▶ _Exercise aim_: Among the entries below, copy only the span from the line containing "11月12日上午八点,京东集" through the line containing "Корпус: ДСП, декор". Do so exactly, and skip the pictures.

▶ _Material shown_:
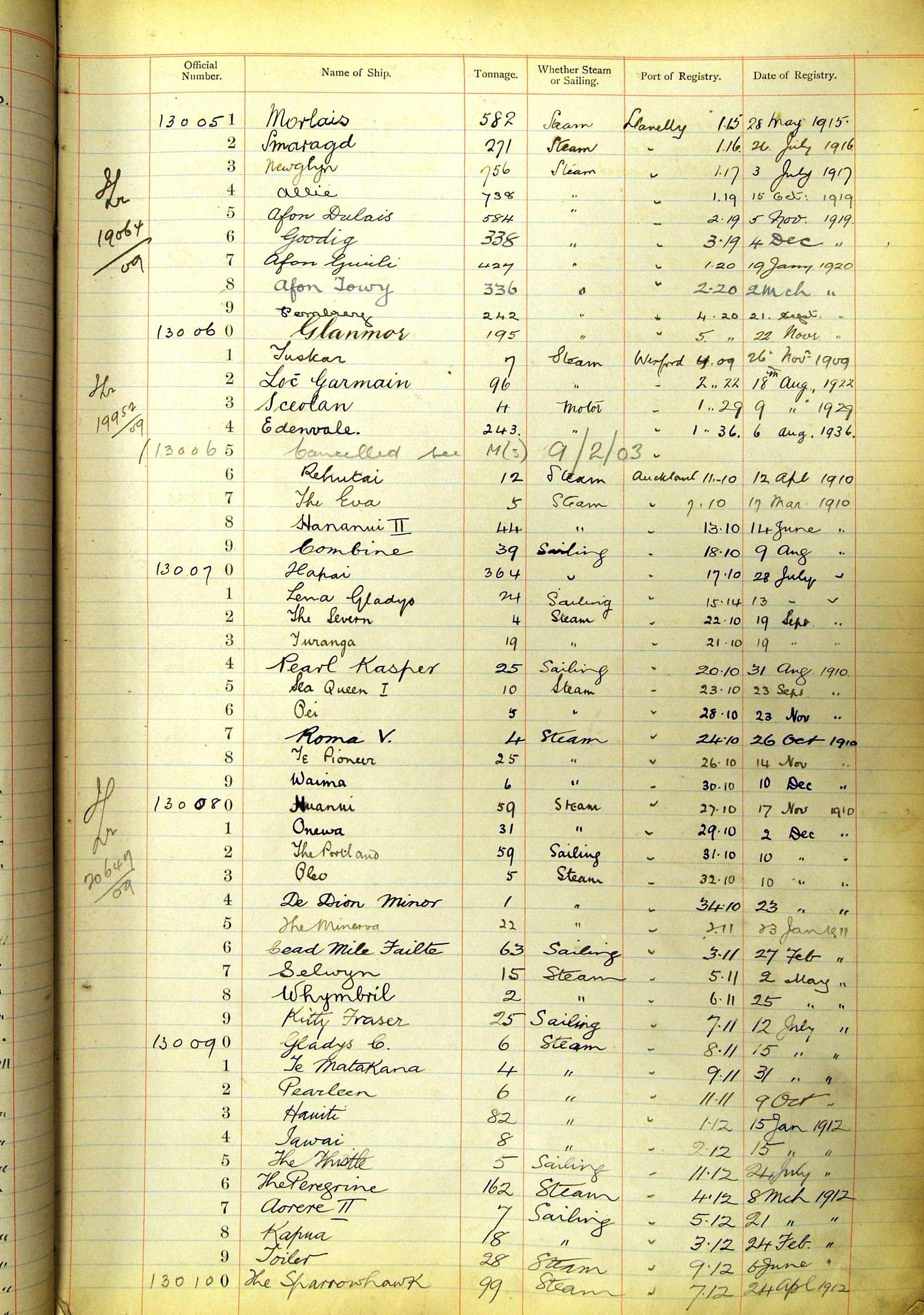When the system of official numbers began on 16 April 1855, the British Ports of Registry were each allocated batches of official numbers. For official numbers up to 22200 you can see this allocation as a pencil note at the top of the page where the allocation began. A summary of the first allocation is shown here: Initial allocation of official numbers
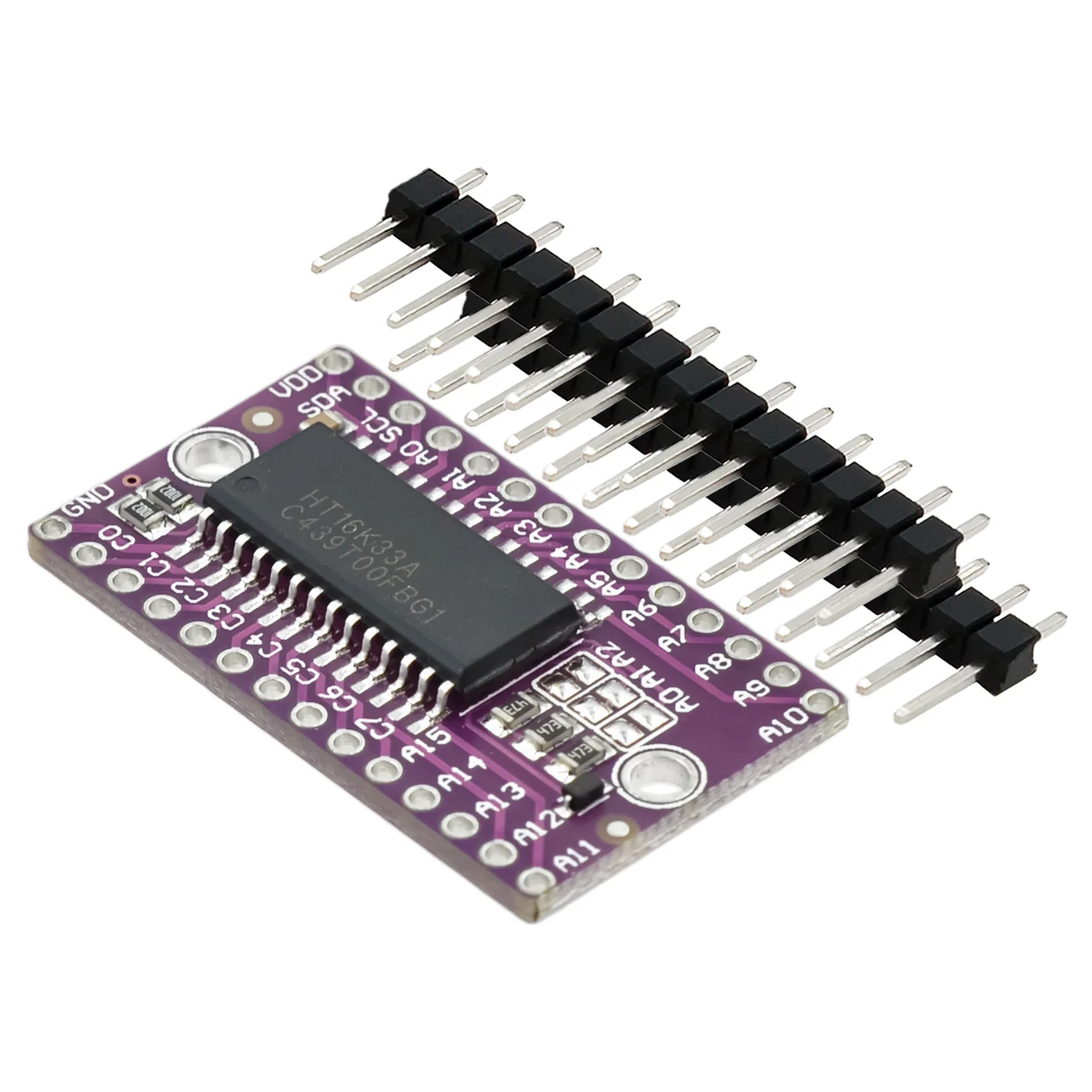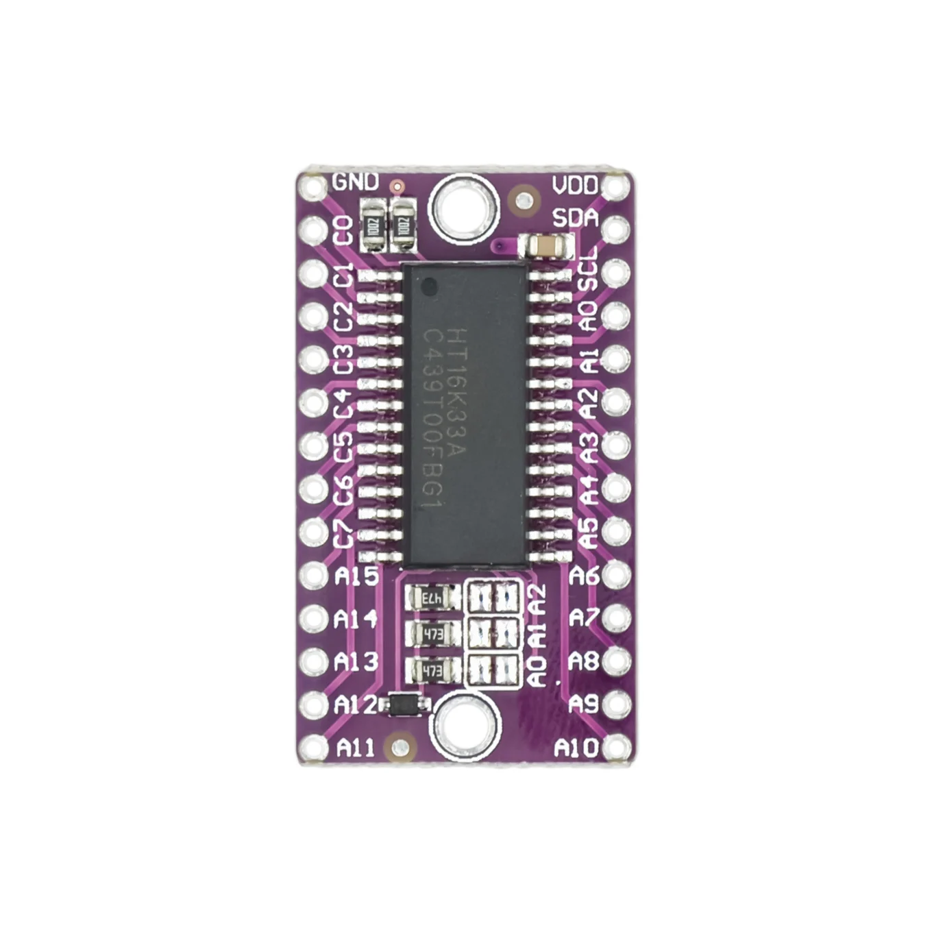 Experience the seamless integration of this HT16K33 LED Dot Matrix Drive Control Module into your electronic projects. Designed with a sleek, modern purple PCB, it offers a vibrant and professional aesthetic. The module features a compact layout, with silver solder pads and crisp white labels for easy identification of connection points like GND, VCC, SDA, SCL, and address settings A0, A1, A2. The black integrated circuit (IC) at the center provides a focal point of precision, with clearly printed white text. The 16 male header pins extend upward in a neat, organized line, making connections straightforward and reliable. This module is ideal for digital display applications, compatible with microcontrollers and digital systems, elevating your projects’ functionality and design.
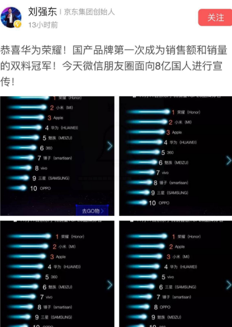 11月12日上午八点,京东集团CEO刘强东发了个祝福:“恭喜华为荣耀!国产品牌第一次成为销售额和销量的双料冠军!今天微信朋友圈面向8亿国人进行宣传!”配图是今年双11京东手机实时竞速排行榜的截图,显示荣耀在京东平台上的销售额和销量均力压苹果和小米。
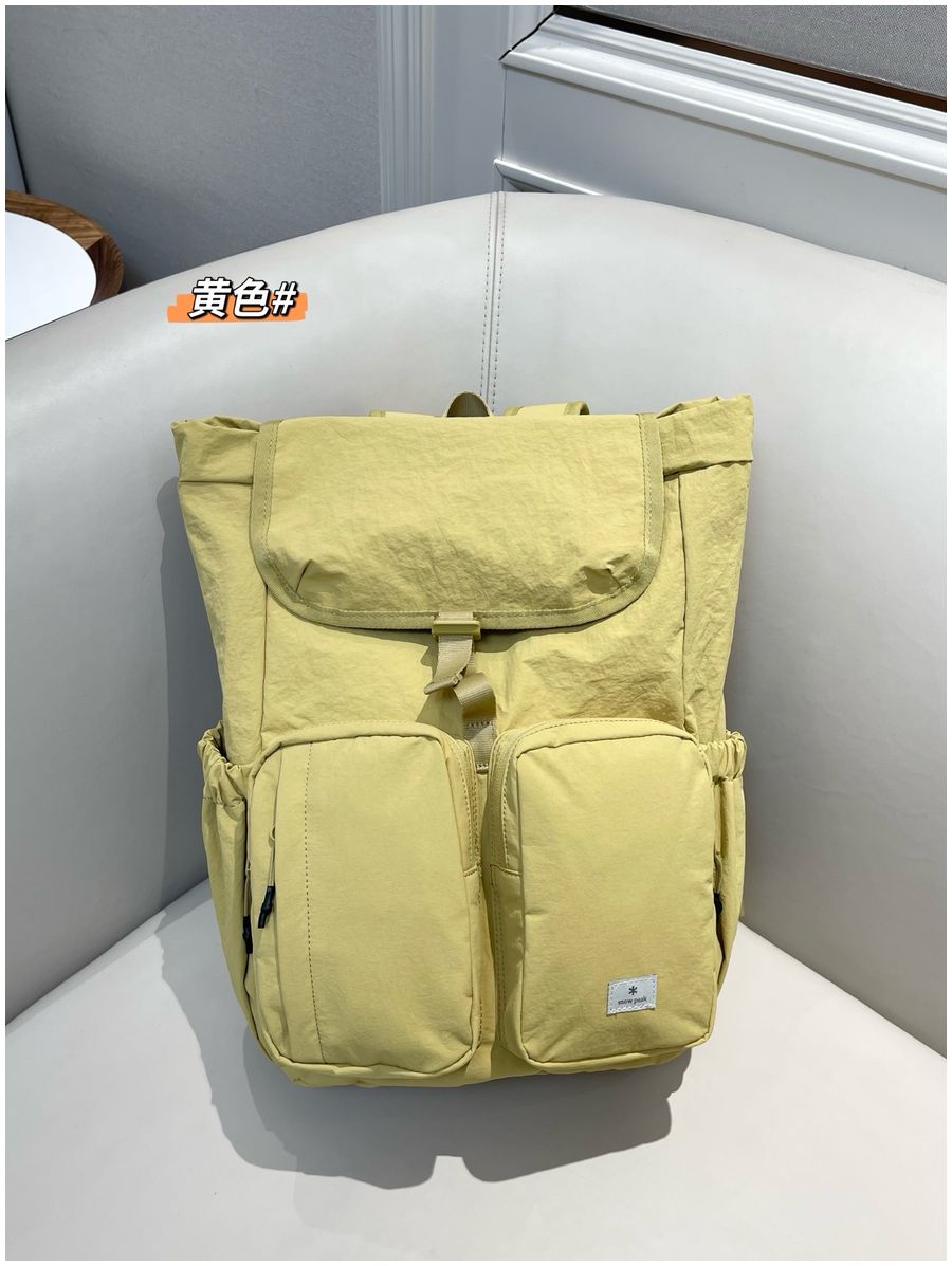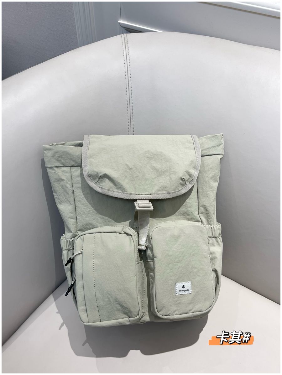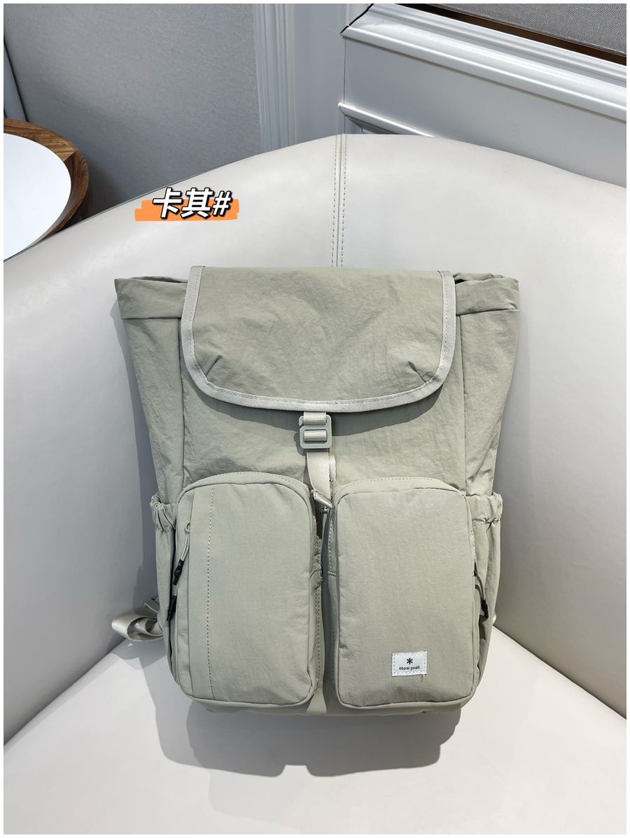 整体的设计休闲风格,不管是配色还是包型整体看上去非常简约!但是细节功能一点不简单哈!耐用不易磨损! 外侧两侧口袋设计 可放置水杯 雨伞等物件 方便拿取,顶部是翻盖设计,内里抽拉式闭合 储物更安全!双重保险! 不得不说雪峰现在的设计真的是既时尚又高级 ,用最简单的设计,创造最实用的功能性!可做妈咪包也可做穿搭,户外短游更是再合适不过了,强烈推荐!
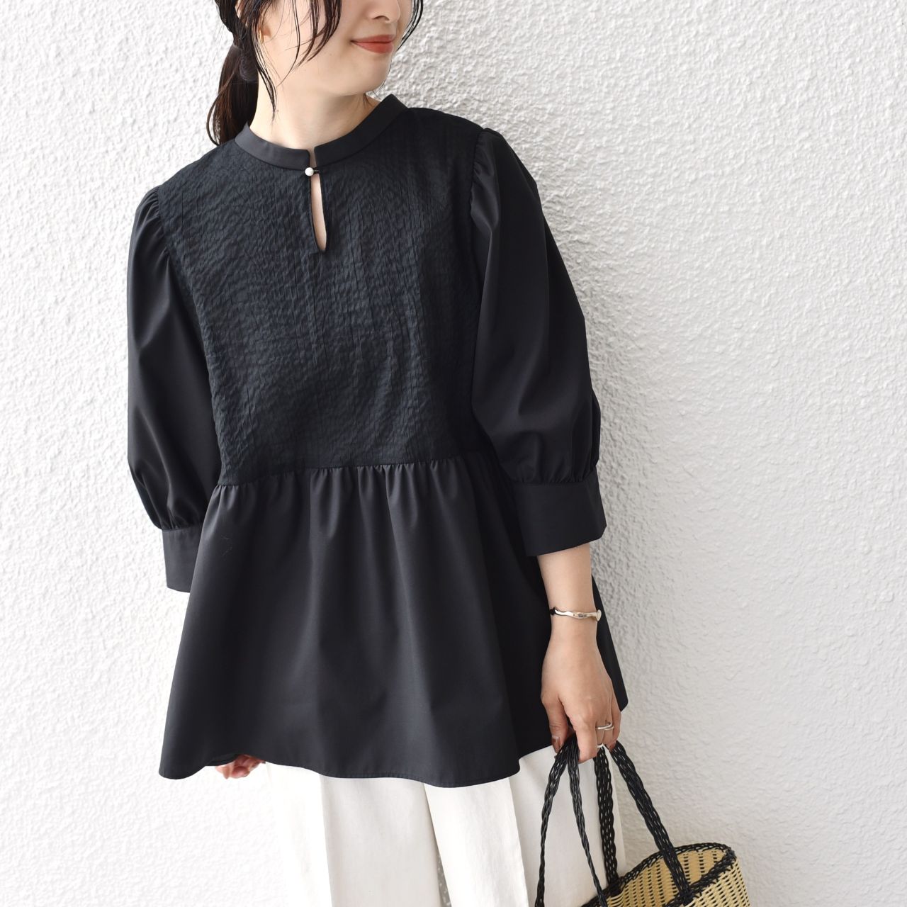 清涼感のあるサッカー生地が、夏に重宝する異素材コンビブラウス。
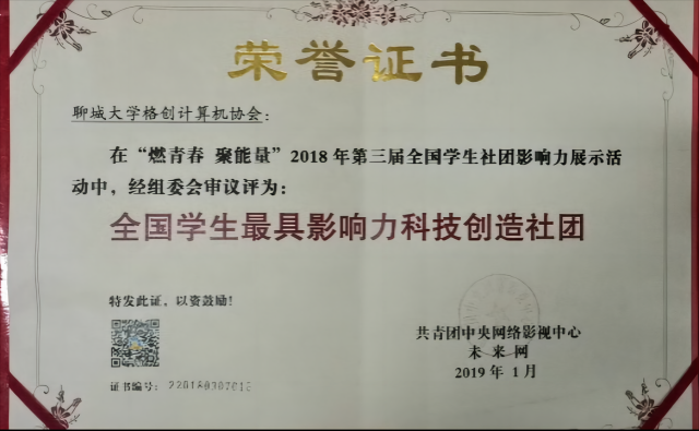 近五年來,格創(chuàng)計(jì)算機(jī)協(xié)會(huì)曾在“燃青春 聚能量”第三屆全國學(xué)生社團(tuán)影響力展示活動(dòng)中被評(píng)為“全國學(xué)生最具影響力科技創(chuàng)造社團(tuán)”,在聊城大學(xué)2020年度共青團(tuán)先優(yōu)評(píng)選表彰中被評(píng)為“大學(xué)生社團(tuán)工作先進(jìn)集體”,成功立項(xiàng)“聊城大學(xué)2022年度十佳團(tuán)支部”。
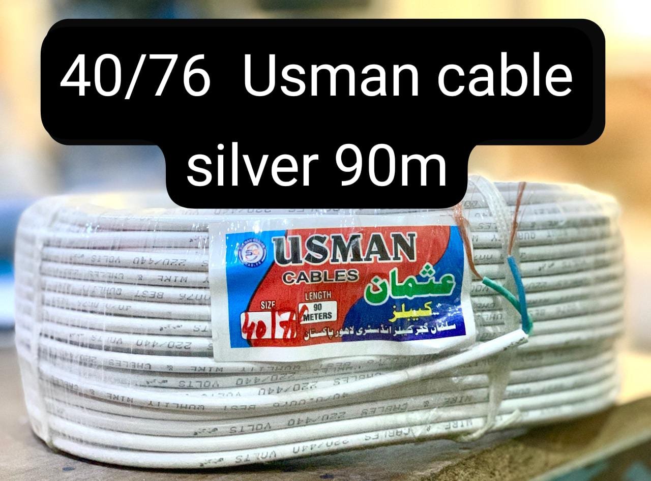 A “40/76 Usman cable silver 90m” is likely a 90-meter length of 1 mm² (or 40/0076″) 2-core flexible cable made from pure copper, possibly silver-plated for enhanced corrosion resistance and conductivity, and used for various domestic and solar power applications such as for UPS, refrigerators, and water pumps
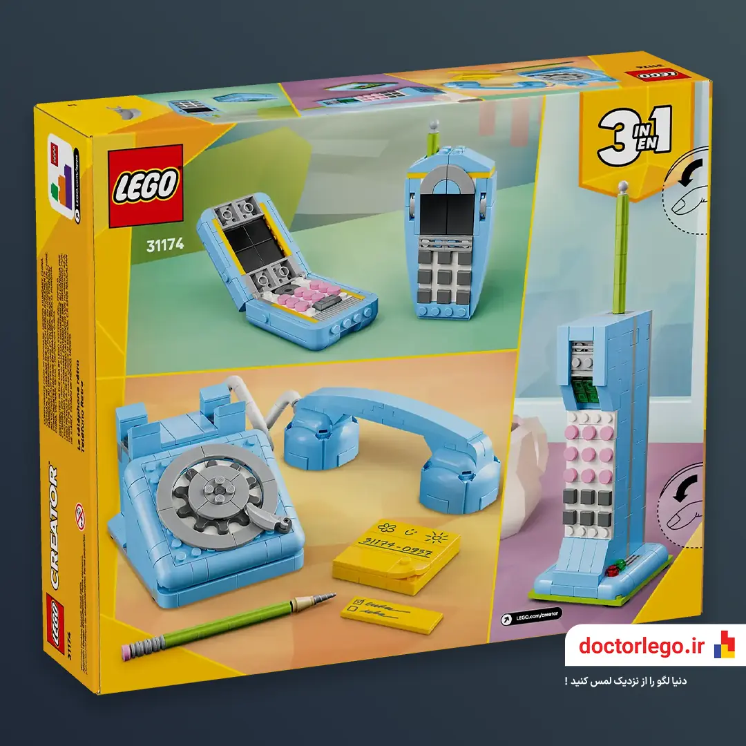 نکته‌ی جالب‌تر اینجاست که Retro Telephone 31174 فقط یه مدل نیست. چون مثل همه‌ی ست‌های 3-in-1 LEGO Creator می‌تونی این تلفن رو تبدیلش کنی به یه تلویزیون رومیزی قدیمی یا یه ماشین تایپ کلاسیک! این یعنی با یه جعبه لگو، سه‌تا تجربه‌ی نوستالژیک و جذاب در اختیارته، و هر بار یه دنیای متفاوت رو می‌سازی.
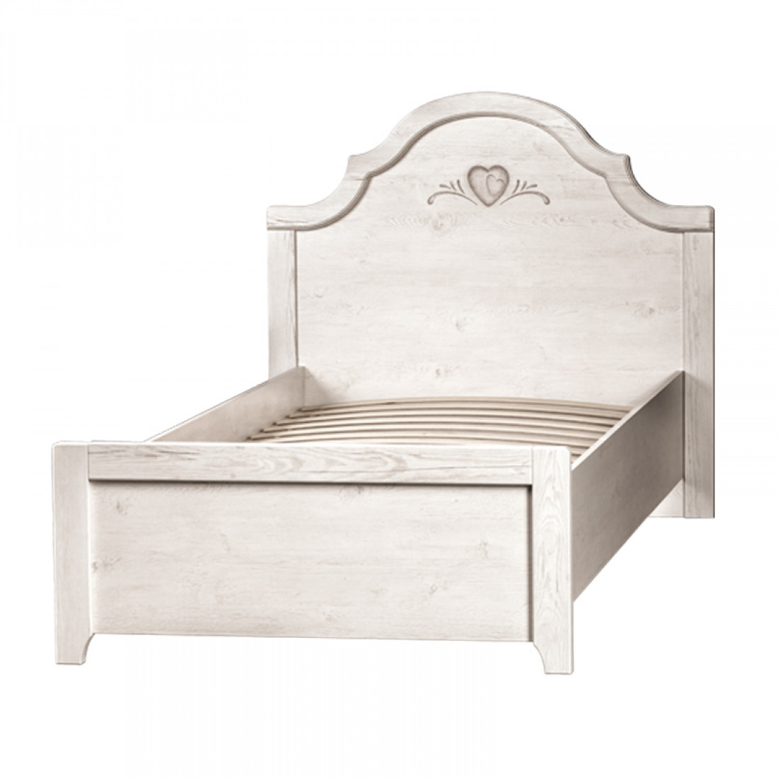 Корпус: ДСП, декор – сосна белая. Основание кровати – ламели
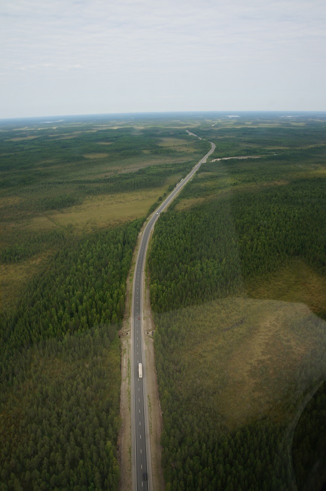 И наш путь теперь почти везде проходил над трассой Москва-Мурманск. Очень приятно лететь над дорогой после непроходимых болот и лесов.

▶ _Solution_:
 11月12日上午八点,京东集团CEO刘强东发了个祝福:“恭喜华为荣耀!国产品牌第一次成为销售额和销量的双料冠军!今天微信朋友圈面向8亿国人进行宣传!”配图是今年双11京东手机实时竞速排行榜的截图,显示荣耀在京东平台上的销售额和销量均力压苹果和小米。
 整体的设计休闲风格,不管是配色还是包型整体看上去非常简约!但是细节功能一点不简单哈!耐用不易磨损! 外侧两侧口袋设计 可放置水杯 雨伞等物件 方便拿取,顶部是翻盖设计,内里抽拉式闭合 储物更安全!双重保险! 不得不说雪峰现在的设计真的是既时尚又高级 ,用最简单的设计,创造最实用的功能性!可做妈咪包也可做穿搭,户外短游更是再合适不过了,强烈推荐!
 清涼感のあるサッカー生地が、夏に重宝する異素材コンビブラウス。
 近五年來,格創(chuàng)計(jì)算機(jī)協(xié)會(huì)曾在“燃青春 聚能量”第三屆全國學(xué)生社團(tuán)影響力展示活動(dòng)中被評(píng)為“全國學(xué)生最具影響力科技創(chuàng)造社團(tuán)”,在聊城大學(xué)2020年度共青團(tuán)先優(yōu)評(píng)選表彰中被評(píng)為“大學(xué)生社團(tuán)工作先進(jìn)集體”,成功立項(xiàng)“聊城大學(xué)2022年度十佳團(tuán)支部”。
 A “40/76 Usman cable silver 90m” is likely a 90-meter length of 1 mm² (or 40/0076″) 2-core flexible cable made from pure copper, possibly silver-plated for enhanced corrosion resistance and conductivity, and used for various domestic and solar power applications such as for UPS, refrigerators, and water pumps
 نکته‌ی جالب‌تر اینجاست که Retro Telephone 31174 فقط یه مدل نیست. چون مثل همه‌ی ست‌های 3-in-1 LEGO Creator می‌تونی این تلفن رو تبدیلش کنی به یه تلویزیون رومیزی قدیمی یا یه ماشین تایپ کلاسیک! این یعنی با یه جعبه لگو، سه‌تا تجربه‌ی نوستالژیک و جذاب در اختیارته، و هر بار یه دنیای متفاوت رو می‌سازی.
 Корпус: ДСП, декор – сосна белая. Основание кровати – ламели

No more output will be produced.